As mentioned above, the cost of a Lambda invocation is calculated from the product of the duration and the function's memory. As such, companies running Lambda are incentivized to limit the memory allocation of their functions (which is a configurable setting and is therefore easier to control than the function's duration). Indeed, 47 percent of functions are configured to run with the minimum memory setting of 128 MB. By contrast, only 14 percent of functions have a memory allocation greater than 512 MB, even though users can allocate up to 3,008 MB per function.
Each Lambda function has a configurable timeout setting, ranging from 1 second to 15 minutes, the longest allowed duration for a Lambda invocation. Most functions make use of short timeouts: two thirds of configured timeouts are 60 seconds or less. (The default timeout when a function is created is 3 seconds.)
Short timeouts are often advised, both because hanging functions can run up cloud costs and because Lambda application architectures often necessitate a fast response. Amazon API Gateway, which is commonly used to provide a REST interface in front of a Lambda function, has a maximum timeout setting of 29 seconds. So any Lambda functions behind an API Gateway that take longer than 29 seconds to respond will result in an error, even if the Lambda completes its work successfully. Despite those considerations, many functions have been configured to use the maximum allowable timeout setting—both the current 900-second limit and the previous limit of 300 seconds (which was in effect until October 2018).
By default, Lambda customers are limited to 1,000 concurrent executions of all functions in a given region. Users can set per-function concurrency limits, which effectively reserves a portion of the total concurrency pool for a specific function. If the function exceeds its concurrency limit, it will be throttled.
Today, only 4.2 percent of all functions have a configured concurrency limit, even though most organizations are aware of the optional limit. Indeed, 88.6 percent of companies running Lambda make use of concurrency limits for at least one function in their environment. The functions that do have a defined concurrency limit are far more likely to be throttled.
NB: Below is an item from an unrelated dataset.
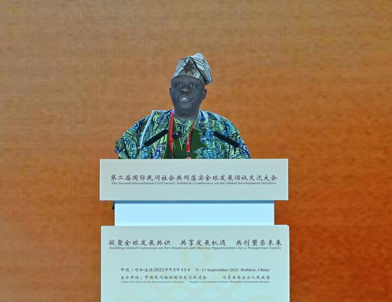 9月10日,貝寧國(guó)民議會(huì)議長(zhǎng)弗拉沃努在第二屆國(guó)際民間社會(huì)共同落實(shí)全球發(fā)展倡議交流大會(huì)開(kāi)幕式上致辭。草原云·內(nèi)蒙古新聞網(wǎng)記者 馬建兵 攝

Over a 5-day evaluation window, 8.3 percent of functions with a concurrency limit were throttled at least once, as compared to just 0.3 percent of functions that are constrained only by per-region, rather than per-function, limits.
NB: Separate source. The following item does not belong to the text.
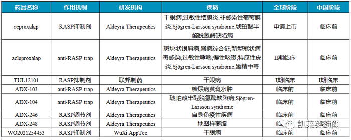 在正常条件下,RASP会被醛脱氢酶或醛还原酶代谢,防止其与其他分子或蛋白质发生反应。据不完全统计,目前有8种RASP相关药物正在开发中。

For this report, we compiled usage data from thousands of companies in Datadog's customer base. But while Datadog customers cover the spectrum of company size and industry, they do share some common traits. First, they tend to be serious about software infrastructure and application performance. And they skew toward adoption of cloud platforms and services more than the general population. All the results in this article are biased by the fact that the data comes from our customer base, a large but imperfect sample of the entire global market.
In this report, we consider a company to have adopted Lambda if they ran at least five distinct Lambda functions in a given month. The Datadog Forwarder function, which ships data such as S3 and CloudWatch logs to Datadog, is excluded from the function count.
We consider a company to be using AWS if they ran at least five distinct Lambda functions or five distinct EC2 instances in a given month. In this way, we can capture an AWS user base comprising companies that are exclusively running EC2 instances, exclusively running serverless functions, or running a mix of both.
Scale of environments
To estimate the relative scale of a company's infrastructure environment, we examine the company's usage of serverless functions, containers, physical servers, cloud instances, and other infrastructure services. Although the boundary between categories (such as “medium” and “large”) is necessarily artificial, the trend across categories is clear.